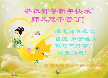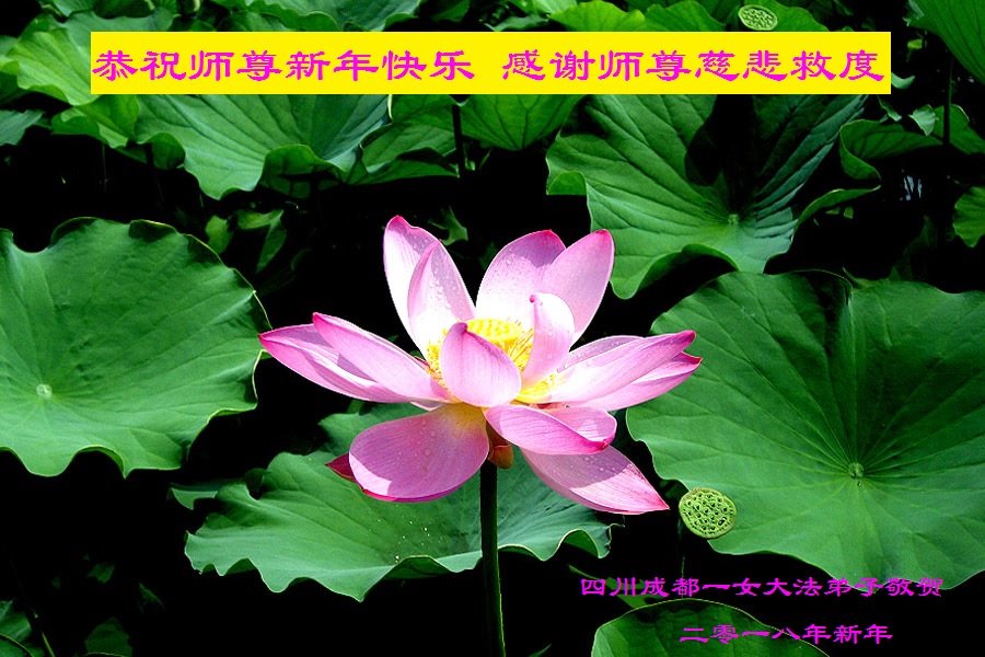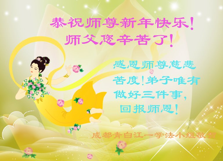 师尊您好!师恩浩荡,弟子叩拜慈悲伟大的师父,谢谢师尊慈悲救度。新的一年里弟子要努力走出消沉状态做好三件事,跟随师尊返回真正的家园。 四川省成都大法弟子恭祝慈悲伟大的师父新年好!
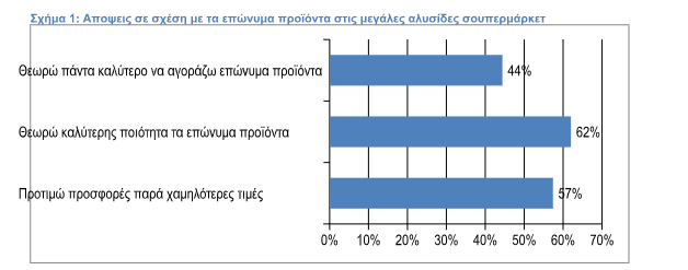 Σημειώνεται ότι η ποιοτική εικόνα των προϊόντων αυτών έχει βελτιωθεί τα τελευταία χρόνια και η πλειοψηφία των ερωτηθέντων σε ποσοστό 58% θεωρεί ότι τα προϊόντα ιδιωτικής ετικέτας είναι εξίσου ποιοτικά σε σχέση με τα αντίστοιχα επώνυμα προϊόντα.
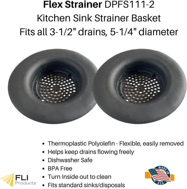 THE FLEX STRAINER kitchen sink strainer traps food and other debris and prevents foreign objects from slipping down the drain. Do you have a broken kitchen sink strainer? This is a perfect solution. Throw the old one out and get the Flex Strainer; you will be straining and stopping all you need! Simple replacement works by just inserting the strainer into your existing drain. This strainer is made of flexible Thermoplastic Material, like rubber, for a snug fit in your drain opening. Fits all standard 3.5 sink and disposal drains.
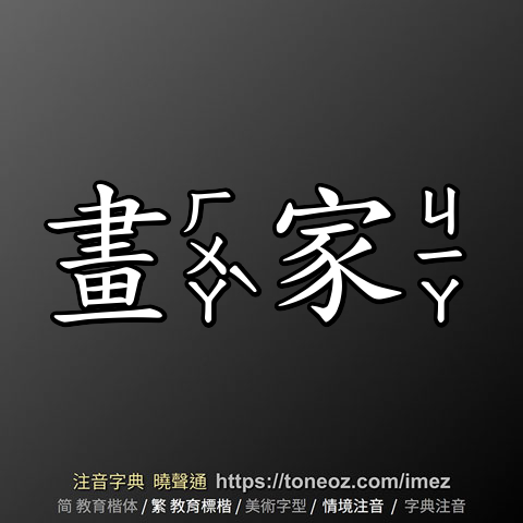 畫家,注音ㄏㄨㄚˋ ㄐㄧㄚ,拼音huà jiā,辭典解釋為:精於繪畫而能自成一家的人。例:徐悲鴻是中國近代以擅長畫馬而著名的畫家。
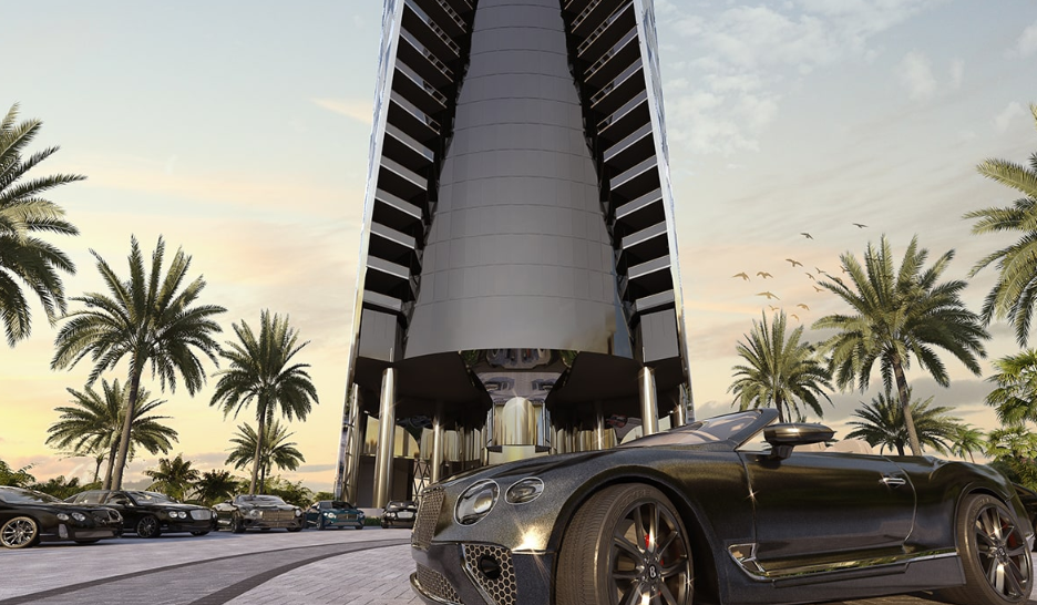 최근 서니아일스 비치에는 새로운 랜드마크로 평가받는 초고층 럭셔리 아파트 공사가 한창 진행 중이다. 영국 슈퍼카 브랜드 벤틀리와 포르쉐 디자인 타워를 건설한 미국 현지 건설업체인 데저 디벨롭먼트(Dezer development)가 협력해 건설 중인 ‘벤틀리 레지던스 마이애미’(Bentley Residences Miami, 이하 벤틀리 레지던스)가 그것이다. 2026년 완공을 목표로 지어지고 있는 건물은 61층, 216세대 규모다. 포르쉐 디자인 타워와 동일한 자동차 리프트 시스템이 적용될 예정이다.
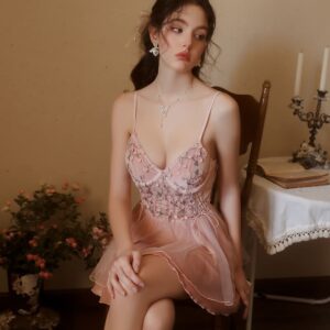 El C5240 es un conjunto que combina la suavidad del terciopelo con la ligereza del tul bordado, ideal para noches de calma y elegancia. El camisolín, con busto de encaje floral y falda de doble capa con caída fluida, resalta la silueta con sutileza y romanticismo.
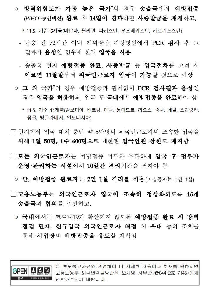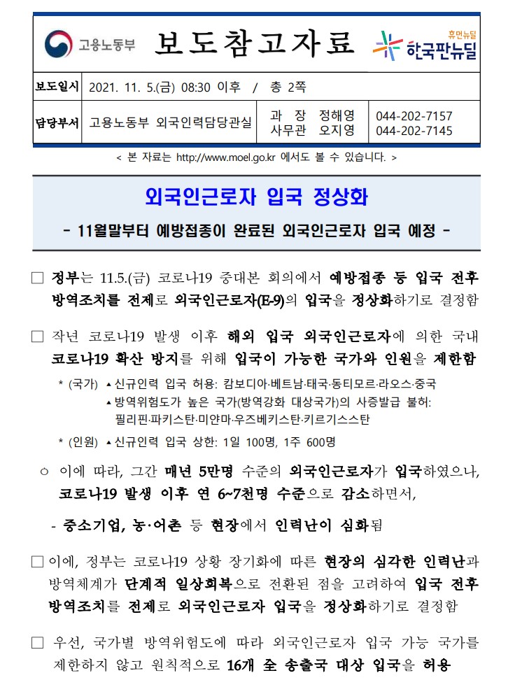 | 2021. 12. 31.(금)까지 국내 백신접종을 완료한 불법체류 외국인은 향후 자진출국 시 범칙금 면제 및 입국규제 유예(단, 형사범 및 방역 수칙 위반자 등은 제외) (0) | 2021.12.02 |
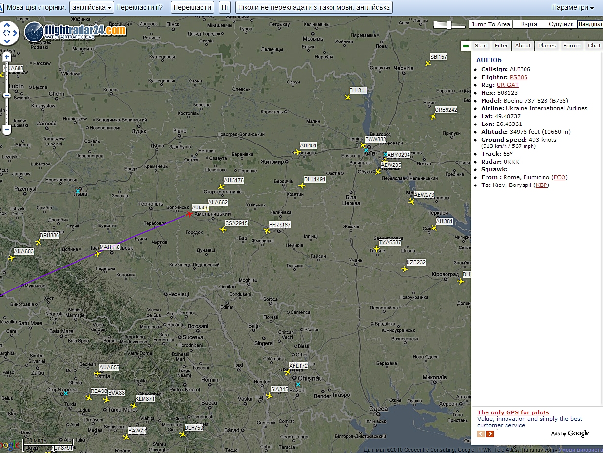 юху! якщо вірити цій системі, то над моїм Дубно проходить Malaysia Airlines Boeing 747-4H6 # From : Kuala Lumpur, Kuala Lumpur (KUL)
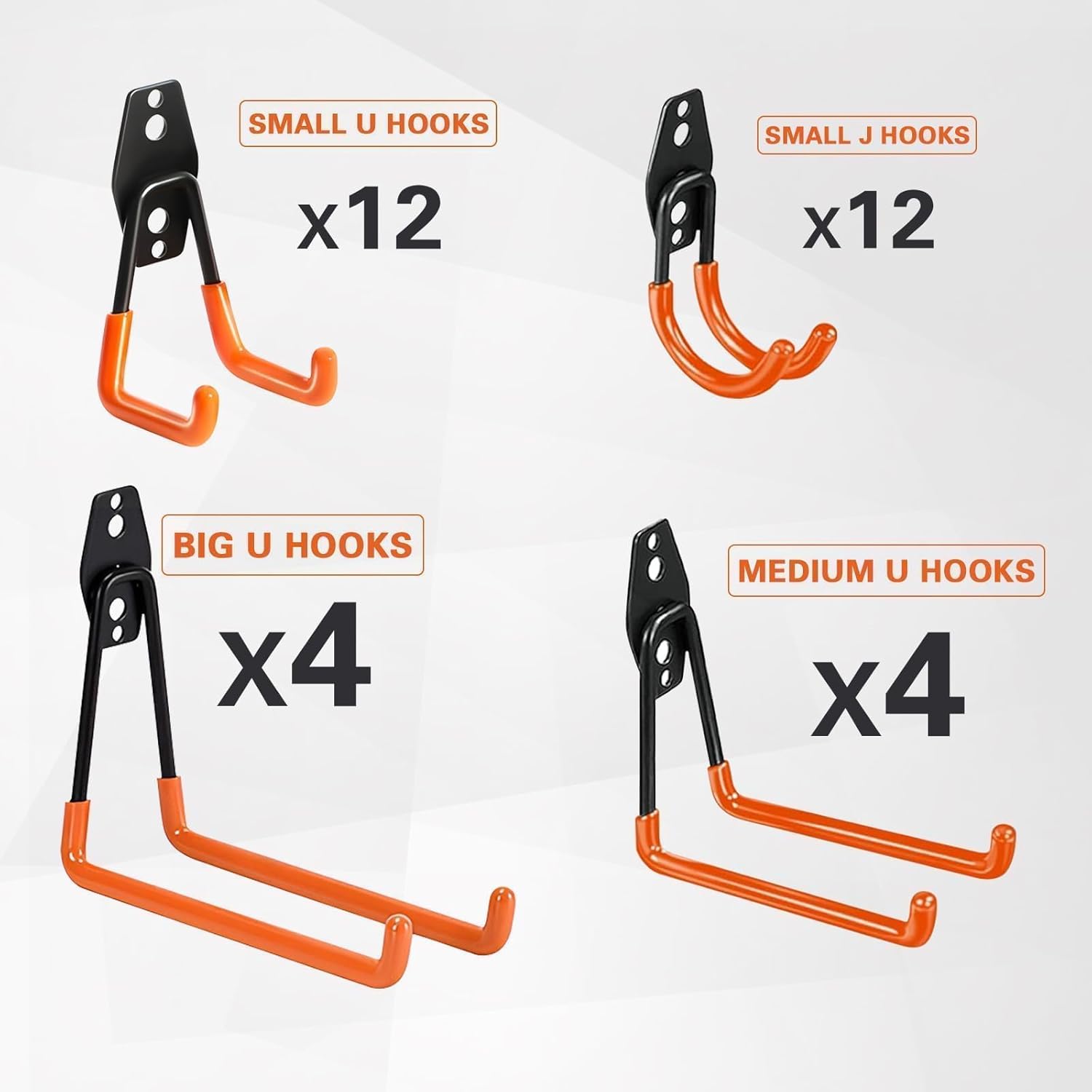 32 Pack Garage Hooks garage organization Steel Heavy Duty Garage Storage Hooks Utility Steel Wall Mount Garage Hanger &Organizer for Bikes,Garden Tools, Ladders, Bulk Items Ropes and More Equipment
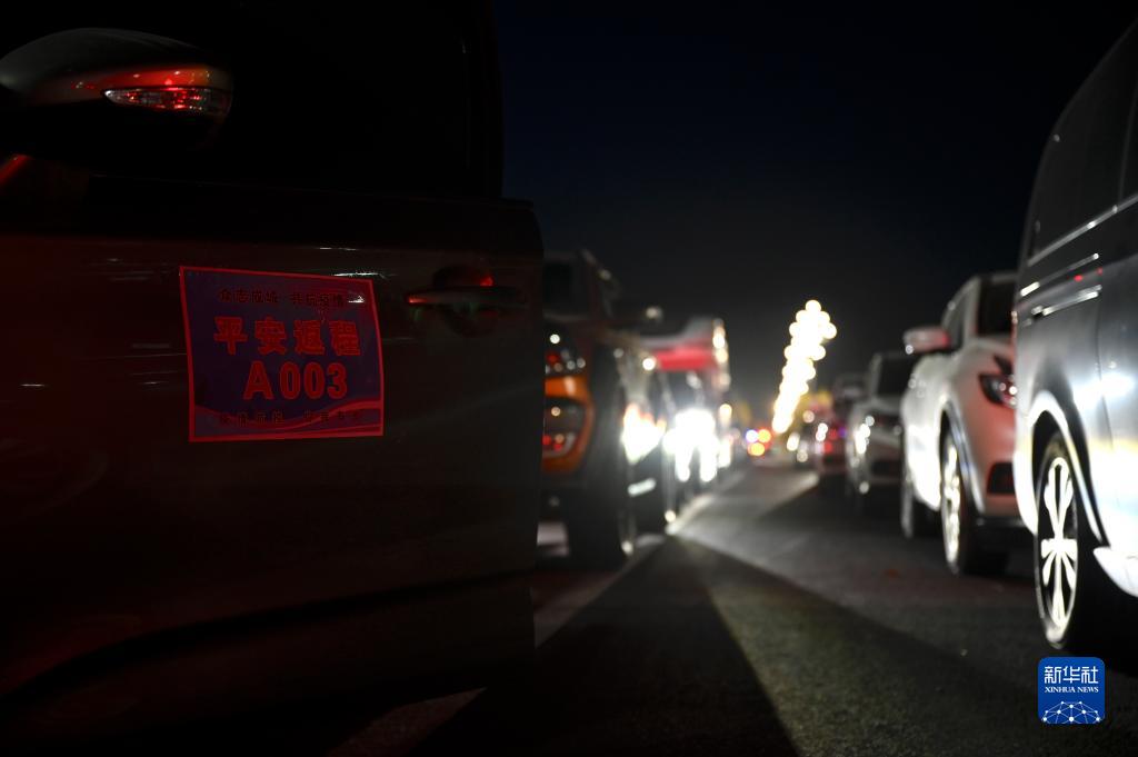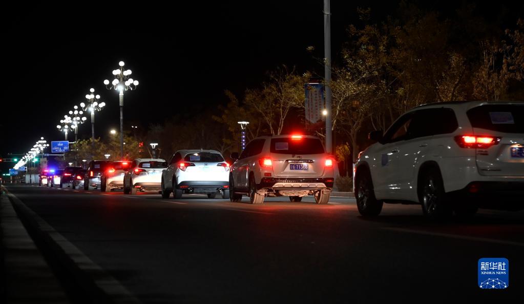 10月28日晚拍攝的即將離開額濟納旗的滯留自駕游客車隊。 當日,因疫情滯留額濟納旗的自駕游客開始返程,首批返程自駕游客共有128人,駕駛車輛42台。自駕游客車隊在公安車輛引導下,啟程前往阿拉善左旗敖倫布拉格鎮,到達後在酒店隔離14天,符合相關條件可以自行返家。 新華社記者 王雪冰 攝
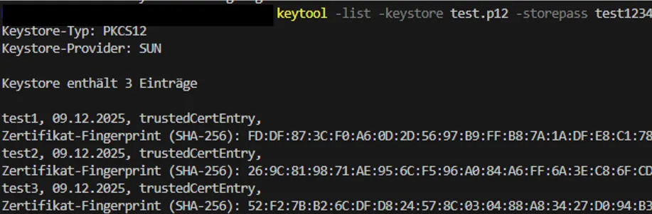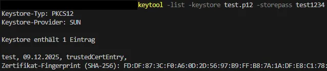 keytool -list -keystore test.p12 -storepass test1234
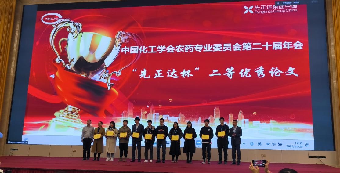 林生院硕士研究生陈智磊、吴云天分别荣获“先正达杯”优秀论文二等奖、三等奖。硕士研究生李雪松作题为“贝莱斯芽孢杆菌TCS001产脂肽类物质抑菌活性及发酵条件优化”学术报告。
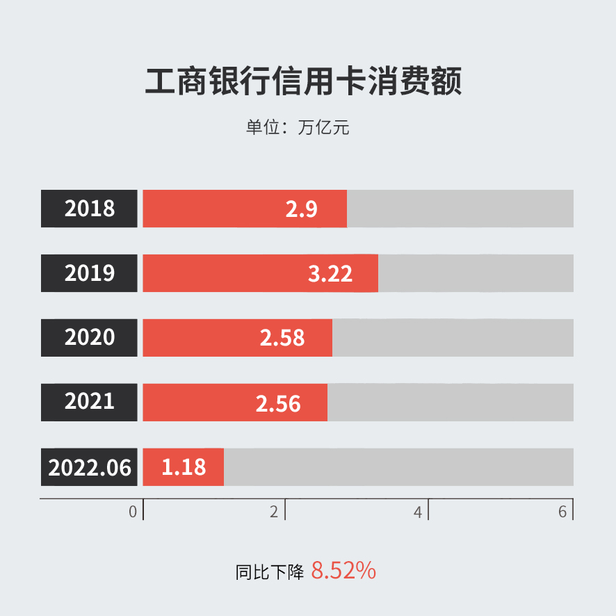 2022年上半年,工商银行信用卡消费额 1.18万亿元,同比下降8.52%;
========
● PROBLEM TO SOLVE
Start with the first line of the records above and end with the line containing "최근 서니아일스 비치에는". Output those lines exactly, pictures excluded.

● WRITTEN REPLY
 师尊您好!师恩浩荡,弟子叩拜慈悲伟大的师父,谢谢师尊慈悲救度。新的一年里弟子要努力走出消沉状态做好三件事,跟随师尊返回真正的家园。 四川省成都大法弟子恭祝慈悲伟大的师父新年好!
 Σημειώνεται ότι η ποιοτική εικόνα των προϊόντων αυτών έχει βελτιωθεί τα τελευταία χρόνια και η πλειοψηφία των ερωτηθέντων σε ποσοστό 58% θεωρεί ότι τα προϊόντα ιδιωτικής ετικέτας είναι εξίσου ποιοτικά σε σχέση με τα αντίστοιχα επώνυμα προϊόντα.
 THE FLEX STRAINER kitchen sink strainer traps food and other debris and prevents foreign objects from slipping down the drain. Do you have a broken kitchen sink strainer? This is a perfect solution. Throw the old one out and get the Flex Strainer; you will be straining and stopping all you need! Simple replacement works by just inserting the strainer into your existing drain. This strainer is made of flexible Thermoplastic Material, like rubber, for a snug fit in your drain opening. Fits all standard 3.5 sink and disposal drains.
 畫家,注音ㄏㄨㄚˋ ㄐㄧㄚ,拼音huà jiā,辭典解釋為:精於繪畫而能自成一家的人。例:徐悲鴻是中國近代以擅長畫馬而著名的畫家。
 최근 서니아일스 비치에는 새로운 랜드마크로 평가받는 초고층 럭셔리 아파트 공사가 한창 진행 중이다. 영국 슈퍼카 브랜드 벤틀리와 포르쉐 디자인 타워를 건설한 미국 현지 건설업체인 데저 디벨롭먼트(Dezer development)가 협력해 건설 중인 ‘벤틀리 레지던스 마이애미’(Bentley Residences Miami, 이하 벤틀리 레지던스)가 그것이다. 2026년 완공을 목표로 지어지고 있는 건물은 61층, 216세대 규모다. 포르쉐 디자인 타워와 동일한 자동차 리프트 시스템이 적용될 예정이다.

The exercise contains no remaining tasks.